Hi, I have a John Deere LX279 with a 17HP Kawasaki water cooled engine.
I've been having trouble with the battery light coming on, or not going off, at various times during use.
I have a brand new battery in which shows 13.1 volts before starting. After starting, and with the battery light on, the battery shows 14.5 volts at engine idle.
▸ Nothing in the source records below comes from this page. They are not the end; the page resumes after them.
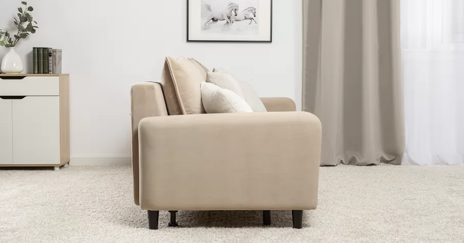 Объемные подушки обеспечивают комфортный отдых. В комплекте 5 двусторонних приспинных подушек и 2 декоративные подушки-думки в ткани букле. Надежный механизм трансформации и ровное спальное место обеспечивают полноценный сон.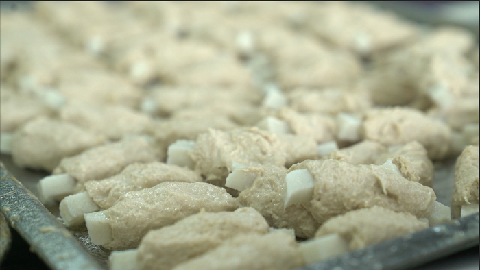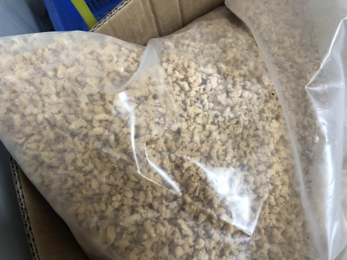 齐善工厂内的植物肉原料:大豆蛋白块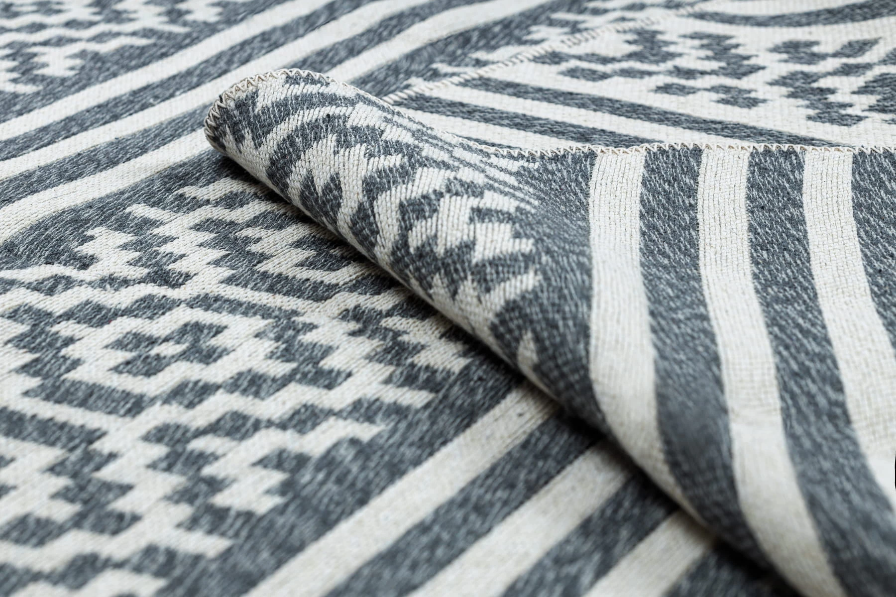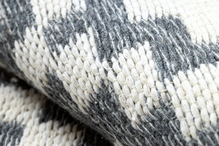 Szary dywan z geometrycznym wzorem w kremowych akcentach, który wprowadzi nowoczesny porządek do salonu lub pokoju.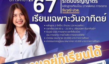 นักเรียน คณะบริหารธุรกิจ มทร.ธัญบุรี เปิดรับนักศึกษา สาขาการตลาด หลักสูตรเทียบโอน (ภาคพิเศษ) หลักสูตร 2 ปีครึ่ง เรียนเฉพาะวันอาทิตย์ tui sakrapee September 27, 2023 คณะบริหารธุรกิจ มหาวิทยาลัยเทคโนโลยีราชมงคลธัญบุรี เปิดรับสมัครนักศึกษา สาขาการตลาด หลักสูตรเทียบโอน (ภาคพิเศษ) ประจำปีการศึกษา 2567 หลักสูตร 2 ปีครึ่ง ( จำนวน 124 หน่วยกิต )…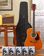 Esteban Master Class Guitar package! You get everything you need to become an advanced guitar player, complete with a classical wood Esteban guitar and a five-DVD course filled with lessons so you can learn with Esteban. The complete Esteban Master Class Guitar package features a stunning handcrafted cutaway guitar, polished to perfection. The guitar is both acoustic and electric, so you can play everything from classical guitar solos to modern rock rifts! A built-in equalizer adds professional taste and the included amplifier completes your guitar so you can play any time, anywhere. Be the guitar player you've always wanted to be with the five-DVD Esteban Master Class Guitar course packed with over 100 lessons from Esteban himself. Learn to play full songs on your very first day, and follow Esteban as he leads you from beginners' chords to advanced techniques for nimble strumming that'll wow your friends. Play like Estaban. The Esteban Master Class Guitar comes in a black or natural finish; and the complete 22-piece set includes a hard storage case. This is everything you need to learn and play guitar, approved and taught by the master himself, Esteban.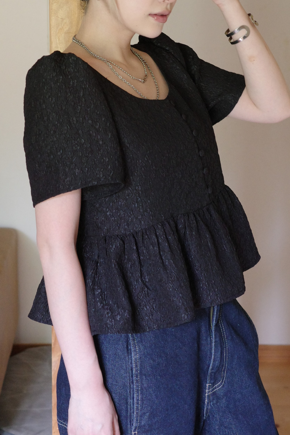 立体感のあるフラワージャガード素材が魅せる、シックでモードな一枚。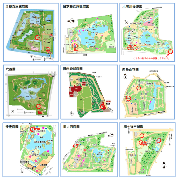(浜離宮恩賜庭園・旧芝離宮恩賜庭園・小石川後楽園・六義園・旧岩崎邸庭園・向島百花園・清澄庭園・旧古河庭園・殿ヶ谷戸庭園)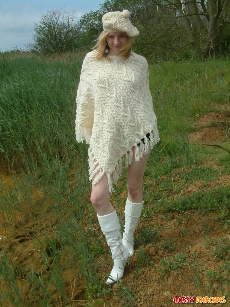 The clothing for this shoot was sent to me to wear as a request. :D I'll be honest - wasn't too sure about the "tea cosy" hat at first :? - but I think I really pulled it off!?!?! :D Anyways, as you can see I was wearing "the hat" a white knitted poncho, boots & not much else!! :wink: It's definitely not sumthin I wud'a picked out myself, but i think the poncho was really effective in the mud. Loved the way the tassles dragged across it. As you can see the hat also came in quite handy as it held the mud so well...I filled it up (you wudn't believe how heavy it was!) & quickly put it on my head!! Luvvly! Dun that quite a few times actually - got a bit carried away! :lol: :lol: :lol: As the poncho's made of really thick wool it held the mud so well....had trouble standing or lifting my arms at the end of this shoot as I was knackered!! I love receiving clothing from fans as like in this case it's sumthin I'd never have chosen myself but it looked great. Thanks very much for the clothing donation & the other outfits you've also sent - they'll be suitably trashed soon too!! :D If anyone else wants to send me sumthin to wear plse check out the "clothe me up section" on my homepage.....THANKS in advance!! lol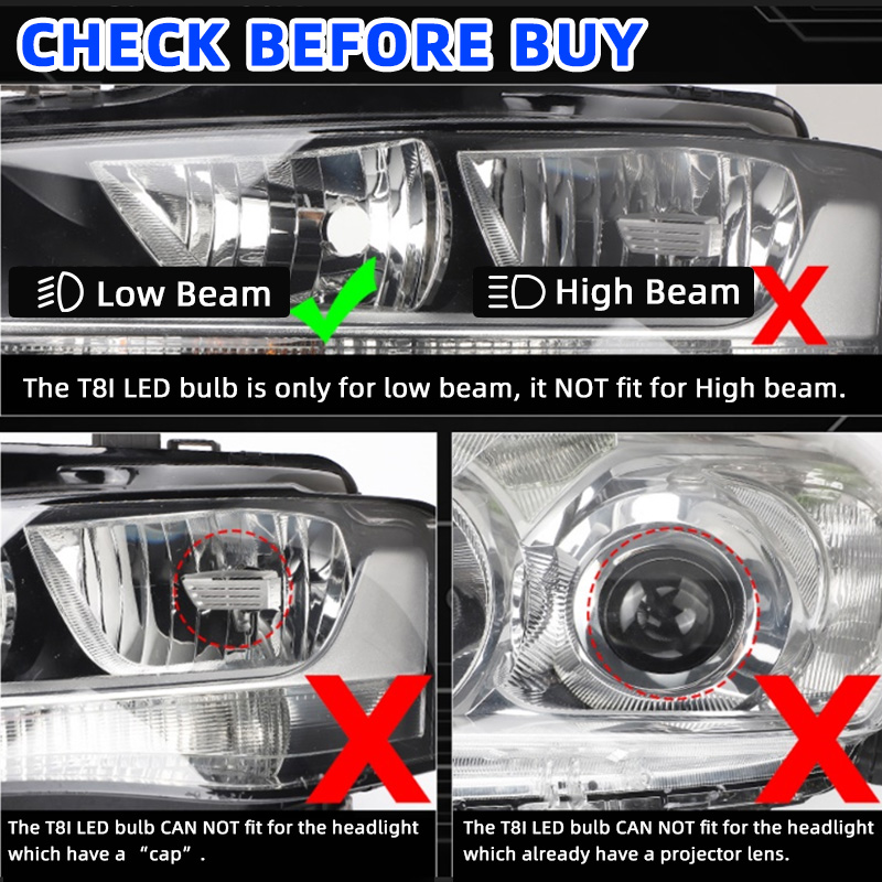 1, T8I aftermarket LED bulb is designed to easy installation, it's can be directly installation to the car headlight without modify.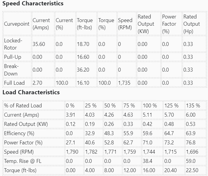 Curvepoint | Current (Amps) | Current (%) | Torque (ft-lbs) | Torque (%) | Speed (RPM) | Rated Output (KW) | Power Factor (%) | Rated Output (Hp) |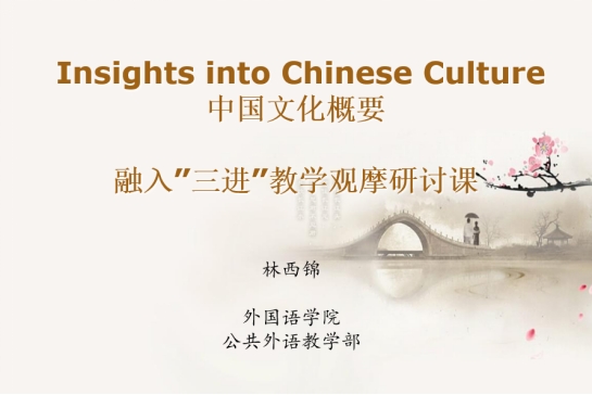 为深入贯彻落实《习近平谈治国理政》多语种版本“三进”工作,将习近平新时代中国特色社会主义思想融入我校大学外语教学研究和人才培养全过程,外国语学院开展融入“三进”等系列观摩课。2023年3月7日上午,由外国语学院公共外语教学部林西锦老师主讲“《中国文化概要》融入‘三进’教学观摩研讨课”在人文2203热烈开展。外国语学院不少教师参与本次观摩研讨课。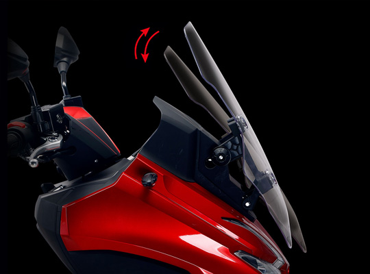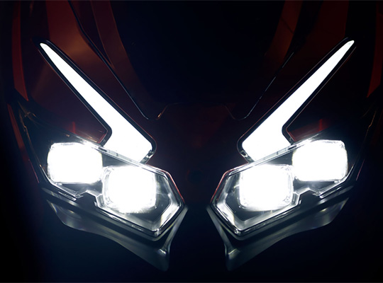Neumáticos mixtos, delantero de 14” y trasero de 13”, inyección Bosch, un gran panel LCD de 7”, iluminación full LED con frontal de cuatro lentes que como resultado permite distribuir la luz uniformemente y ampliar el campo de visión, ABS Bosch de doble canal y con una gran sofisticación de sus líneas y estética cuidada hasta el último detalle.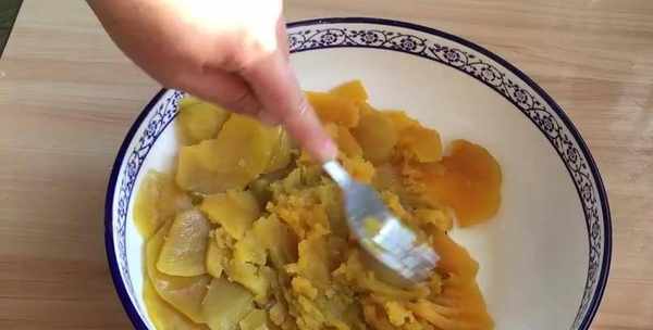 紅薯這樣簡單一做,沒想到比蛋糕還要好吃,準備兩個紅薯清洗幹凈去掉皮,切成薄片,上鍋蒸15分鐘左右,時間到取出來用叉子壓成泥放涼,加入4克的酵母,2克的鹽,5克的白糖和酵母發酵,攪一攪。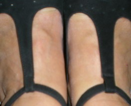 Вот... но на фотке видно почему-то хуже, чем в реальности. У левой и ремешок вокруг щиколотки тоньше, кстати.

Still with the battery light on, and the engine running at full throttle, the battery shows 17.3 volts.
Moving the Voltage Regulator connector around will usually make the battery light go out, but not always.
I'm assuming this is the Voltage Regulator, it's located on the left hand side of the engine compartment, just in front of the steering console.

Is 17.3 volts within spec or do I have something going on here?

Thanks for taking the time to look and, hopefully, answer

P


----------



## Fedup (Feb 25, 2014)

The 14.5 sounds good, the 17.3 does not. Pretty much anything above 15 or 15.2 can damage a battery if run at that point for very long. If you do indeed have an external regulator, I suggest you replace it and see what that does.


----------



## MrMac (Feb 27, 2016)

Thank you, I appreciate your time.

I'll try to confirm what the suspected piece actually is and, if it's the VR then I'll replace it.

Thanks again
P


----------